Sabtu, November 23, 2024
BerandaBaliKeluhkan PMK 32/2021, Pelaku Usaha Tak Bisa Eksekusi Kredit

Keluhkan PMK 32/2021, Pelaku Usaha Tak Bisa Eksekusi Kredit

Peraturan Menteri Keuangan (PMK) Nomor 32 Tahun 2021mengatur tentang Tata Cara Penjaminan Pemerintah untuk Pelaku Usaha Korporasi Melalui Badan Usaha Penjaminan yang Ditunjuk dalam Rangka Pelaksanaan Program Pemulihan Ekonomi Nasional.

Denpasar (bisnisbali.com) –Peraturan Menteri Keuangan (PMK) Nomor 32 Tahun 2021mengatur tentang Tata Cara Penjaminan Pemerintah untuk Pelaku Usaha Korporasi Melalui Badan Usaha Penjaminan yang Ditunjuk dalam Rangka Pelaksanaan Program Pemulihan Ekonomi Nasional. Namun kenyataannya, pengusaha di Pulau Dewata merasa PMK 32/2021 tersebut tidak bisa mengeksekusi proses kredit yang diajukan ke perbankan.

Ketua Badan Pengurus Daerah Himpunan Pengusaha Muda Indonesia (BPD Hipmi) Bali, Agus Pande Widura di Denpasar, Rabu (14/7) mengaku, pelaku usaha di Bali belum merasakan dampak positif dari adanya regulasi PMK 32/2021. Padahal isi regulasi tersebut membantu bagi perusahaan-perusahaan yang memang performanya masih belum bagus, tapi masih hidup. “Perusahaan di sektor pariwisata contohnya. Di tengah pandemi Covid-19 ini sangat terdampak sehingga performa belum bagus namun masih hidup,” katanya.

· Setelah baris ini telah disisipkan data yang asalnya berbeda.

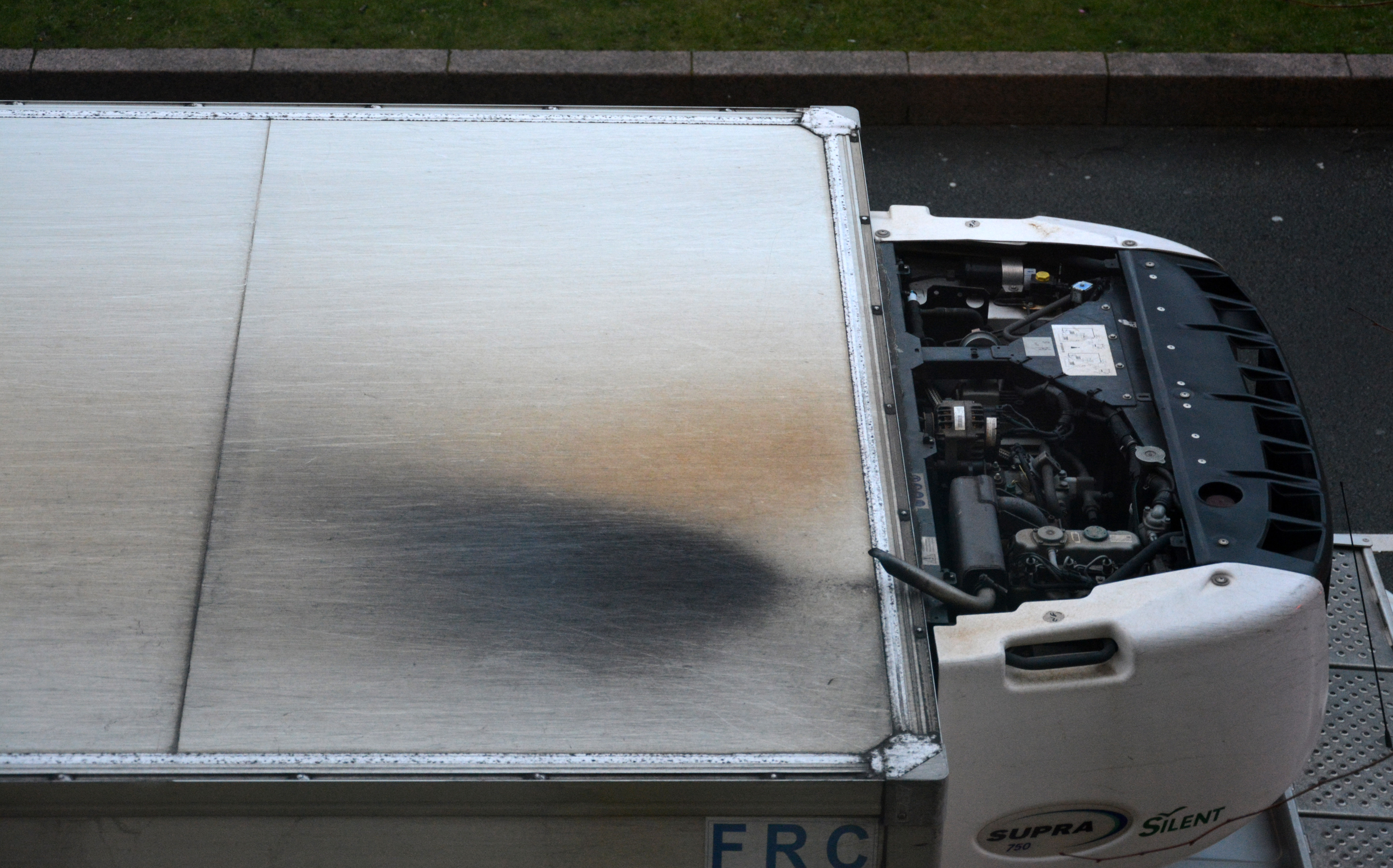 air pollution (carbon black) by a refrigerated truck in Lille (northern France)

Menurutnya bila mencermati isi PMK 32/2021 itu maka pemerintah menjamin selama tiga tahun. Artinya ketika di perbankan memberikan kredit kepada end user itu dijamin oleh pemerintah, melalui LPEI (Lembaga Pembiayaan Ekspor Indonesia) sebagai penjamin dan PT Penjamin Infrastruktur Indonesia (Persero) selaku pelaksana dukungan loss limit termasuk pelaksanaan penjaminan bersama. “Kenyataan di lapangan tidak demikian,” ujarnya.

Salah satu batu sandungan adalah Peraturan Otoritas Jasa Keuangan (POJK) Nomor 48 Tahun 2020 tentang Perubahan Atas Peraturan Otoritas Jasa Keuangan Nomor 11/POJK.03/2020 tentang Stimulus Perekonomian Nasional Sebagai Kebijakan Countercyclical Dampak Penyebaran Coronavirus Disease 2019. POJK tersebut mengatakan tentang tiga pilar seperti ketepatan dalam membayar, prospek usaha debitur dan kondisi keuangan debitur.

“Ini membuat bank dan OJK saling tuding-tudingan. Pascapertemuan dengan Menteri Keuangan Sri Mulyani Indrawati di Nusa Dua, 9 April 2021, OJK pusat bilang sudah tidak ada pilar-pilar lagi, dan mereka siap untuk mengeluarkan (kredit),” ungkapnya.

Agus Widura pun menilai PMK 32/2021 juga tak bisa dieksekusi, lantaran ketimpangan pertumbuhan ekonomi di Indonesia. Ekonomi secara nasional tidak dipungkiri sudah membaik, namun perekonomian Bali yang bertumpu dari pariwisata masih terperosok.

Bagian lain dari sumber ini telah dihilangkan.